Look just follow this and you'll be cured in seconds.

Address the ball with your club past the ball so the back of the hosel is on the far side of your ball as you look at it at address and simply swing away.

You will not shank,keep working on it by doing this and you'll soon be able to go back to addressing the ball normally instead of looking like a knob.:smirk:


----------



## SocketRocket (Nov 8, 2012)

Your golf swing looks very good.  The only small issue I can see is a bit of early extension that pushes your right hip forward in the downswing and this will tend to get the club further away from you creating a Sherman.  keeping your tooch line in contact with an imaginary wall behind you may help but I would suggest a drill when at the range.   Place the ball an inch inside the rubber tee in the mat and hit the ball without touching the tee.   Placing one of those green ball baskets a foot behind and a few inches inside the ball line will also help you to swing from the inside.


----------



## JustOne (Nov 8, 2012)

If I didn't know better I'd say they were 2 different golfers in the same clothes  

..and really I should walk away from this post...  still, here we go....

The DTL strike is a beauty - is that an 8-iron? - a little low inside with the clubhead on the takeaway, good shoulder turn, head stays pretty still, looks like you come into the ball pretty straight but the clubface a touch closed hence the ball starts a little left. Not the best takeaway action, but not the worst.

The guy who shanked it looks like he's lucky to hit the ball at all.... 

Looks like his shoulders are closed (aiming right), the right shoulder is very low and subsequently the shoulders turn quite flat (throwing the club out more?). His weight seems to be very much on the right side, even his eyes appear to be looking behind the ball. The ball looks just forward of center yet his hands are centered, both feet are very square and almost looks a little 'knock knee'd.

Then the head moves around ....quite a bit [click picture to enlarge or right click and 'open in new window']




At impact you can see 2 white posts over his right shoulder and *an entire brown wall*, his head has moved forward by 4 inches, and DOWN by 4 inches  .....hard to hit a ball consistently when you do that. I'd even (possibly) say that if you compress that much then you HAVE TO swing out more else you'll dig the club into the ground. I'd certainly say it would be harder to control the club head precisely especially as you say you're already prone to hitting out of the  heel of the club.

Personally I'd focus on the shoulder turn, if your swinging too flat then the club will swing away (out) from you. 

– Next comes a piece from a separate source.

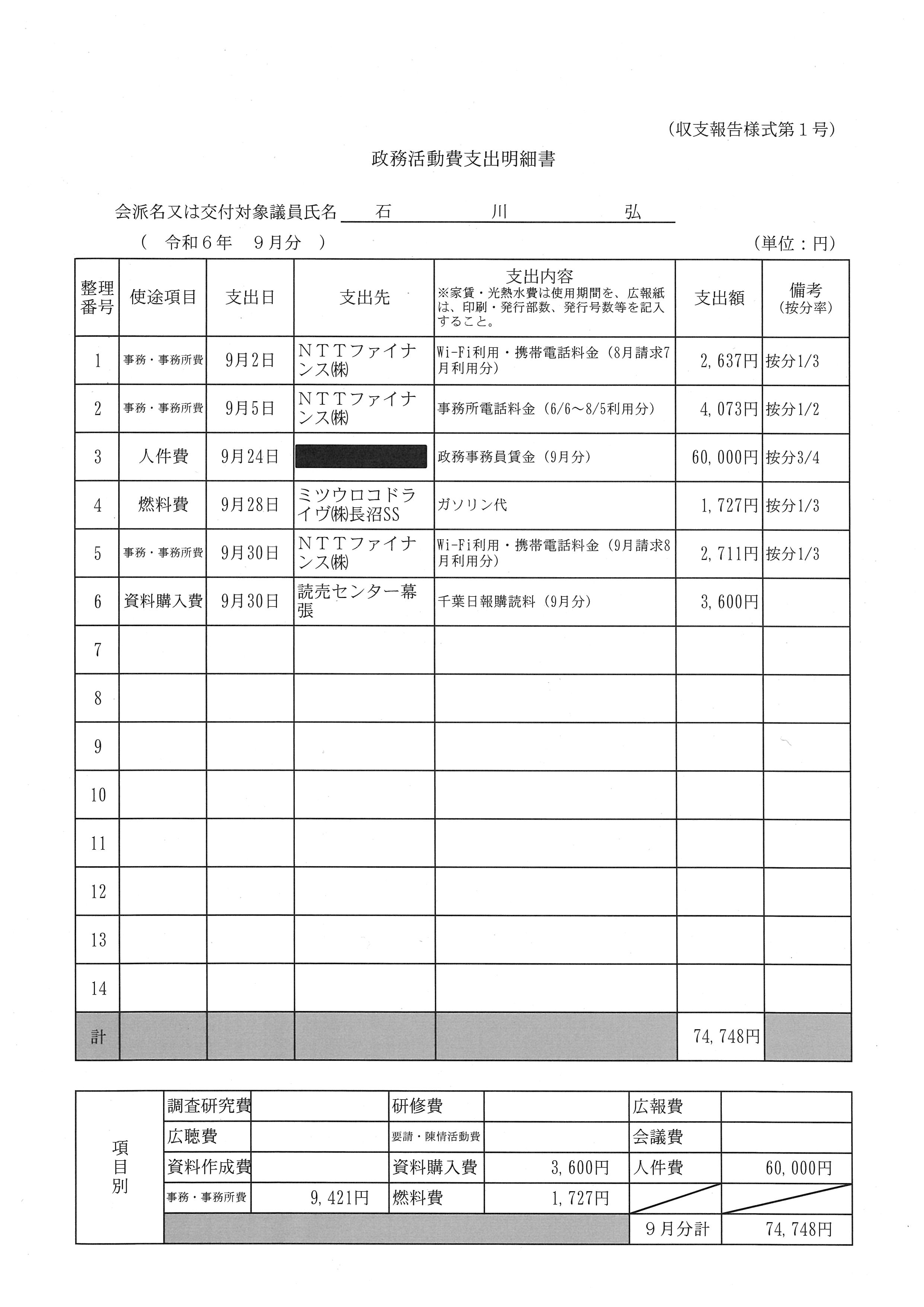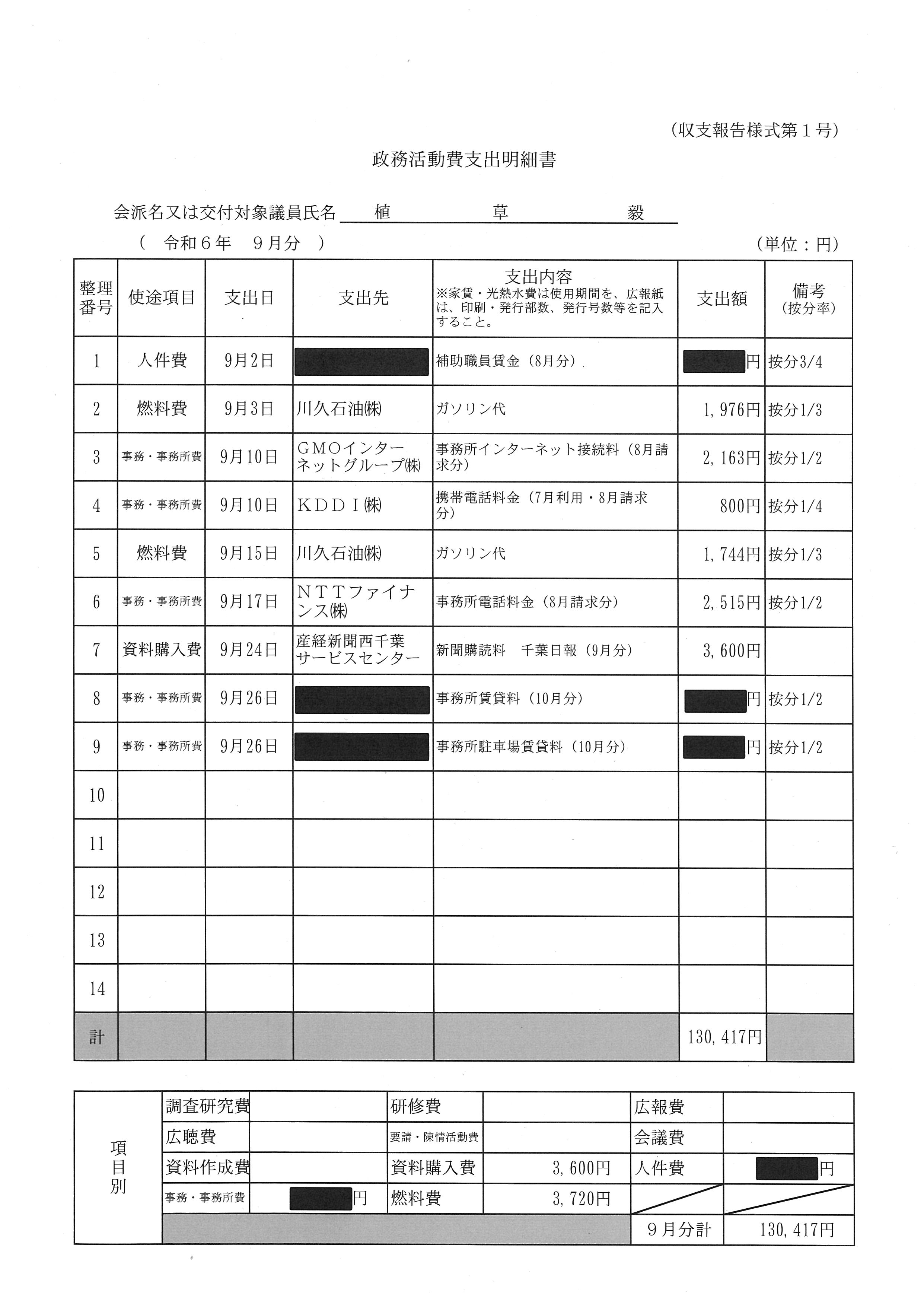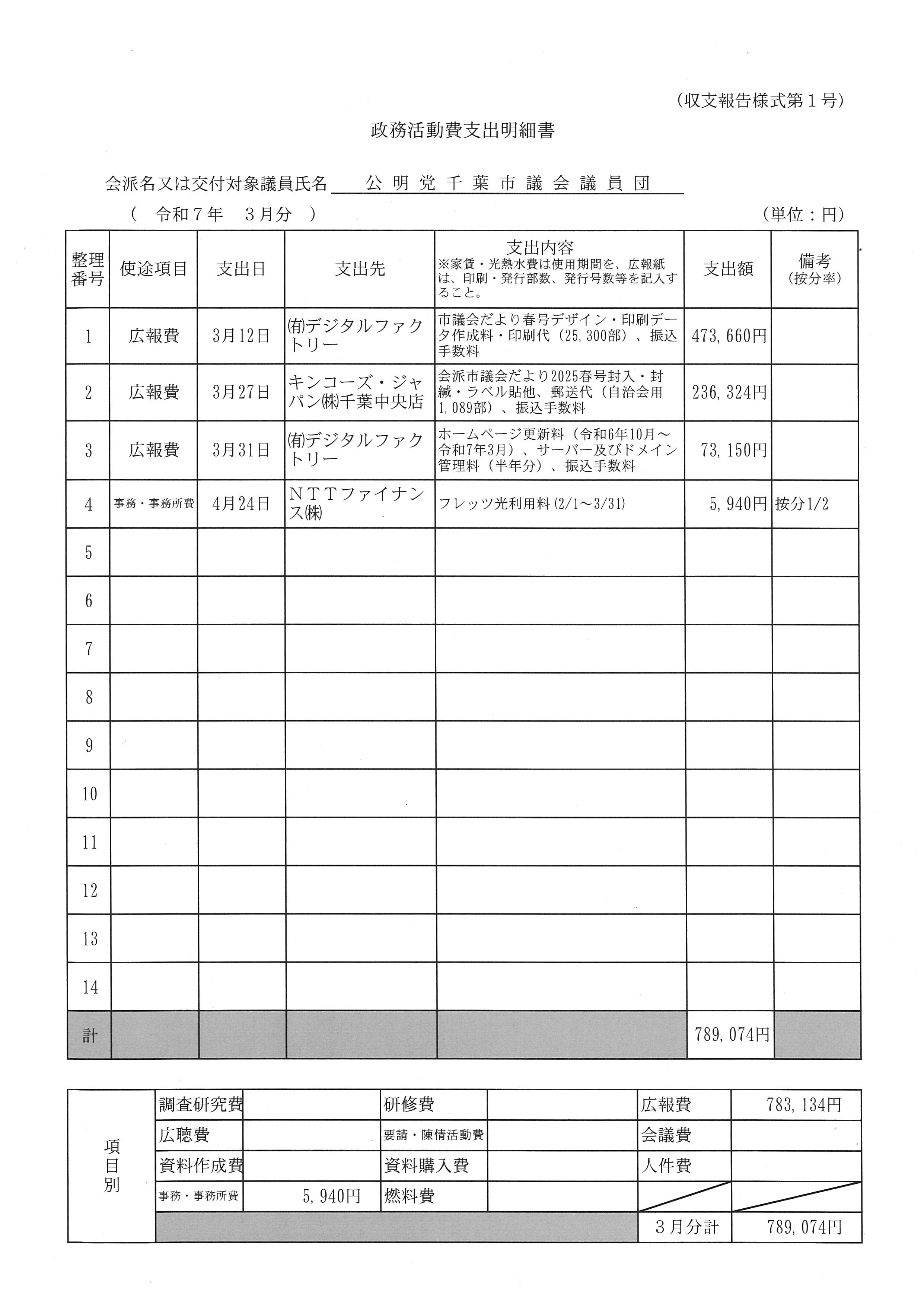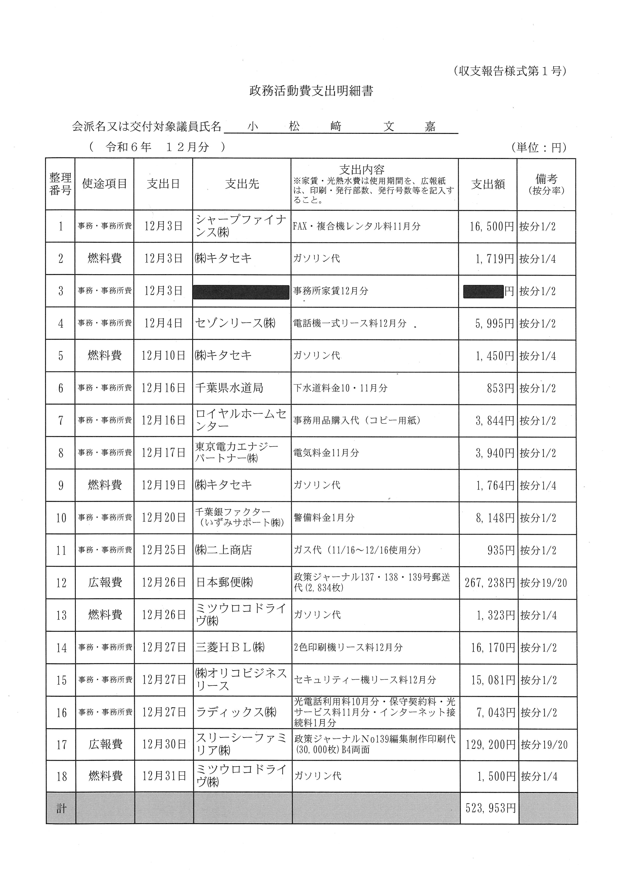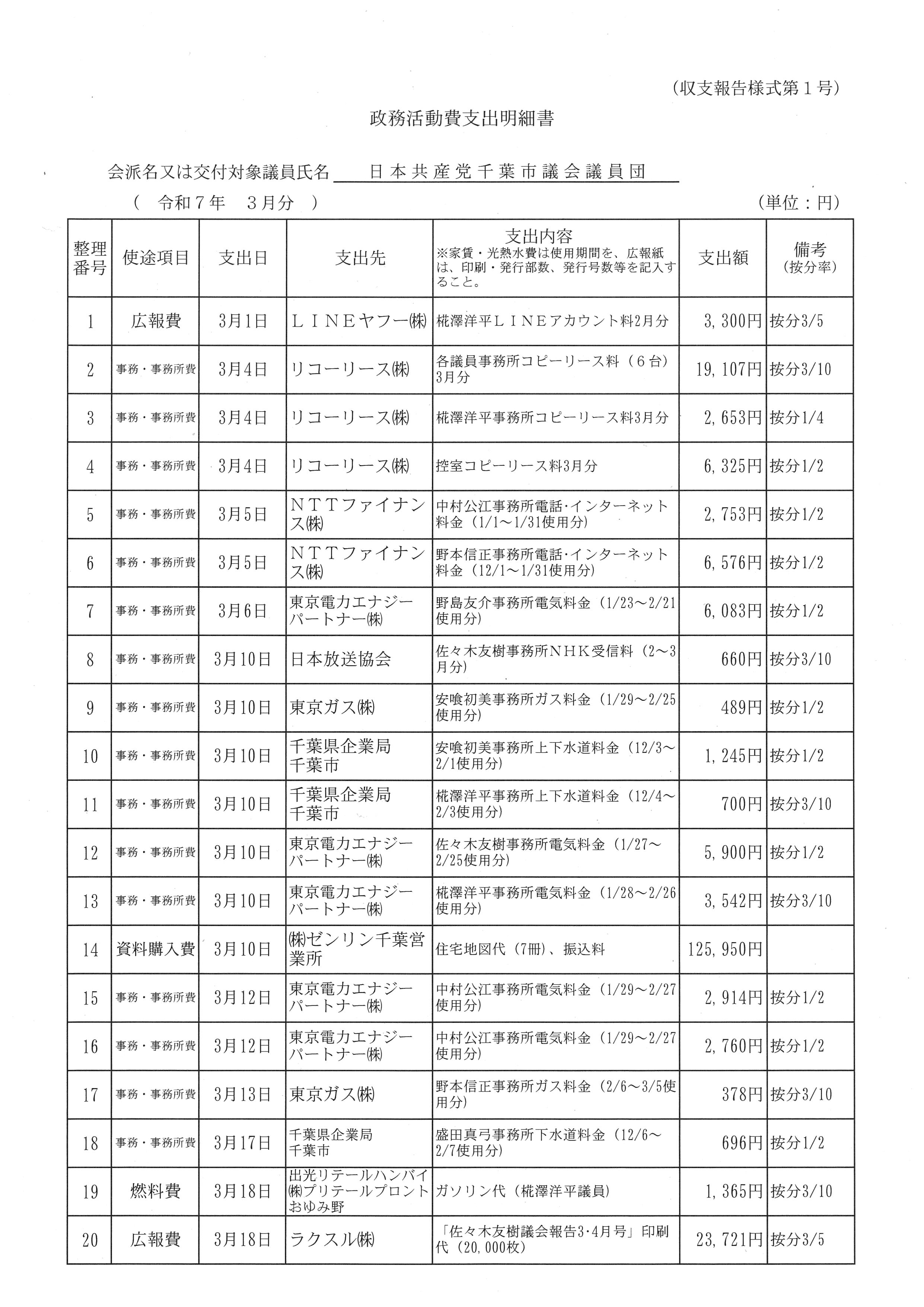 千葉市議会トップページ > 広報・情報公開 > 政務活動費 > 令和6年度交付分(政務活動費収支報告書)

I'd probably try putting a head cover under your right armpit and keeping it there for the entire swing, or under the left.... or both!! You look very lose and there's a lot of movement in that 'shank' swing.


----------



## bobmac (Nov 9, 2012)

I see this




Look at  the difference between your left hand and Luke's....yours has rolled which drags the club way back inside.
Luke's left hand is still almost pointing down towards the ball meaning the club goes back much more square with the clubface parallel to his upper body, following his right forearm line.
Try to swing back a bit straighter, keeping the toe of the club down, maintaining the angle Luke has with the yellow line.


----------



## Foxholer (Nov 9, 2012)

On your shank swing, you stepped forward after the swing. Was that just a reaction to the strike or was it because of a balance issue. Falling forward, onto the toes, on the downswing can certainly generate shanks!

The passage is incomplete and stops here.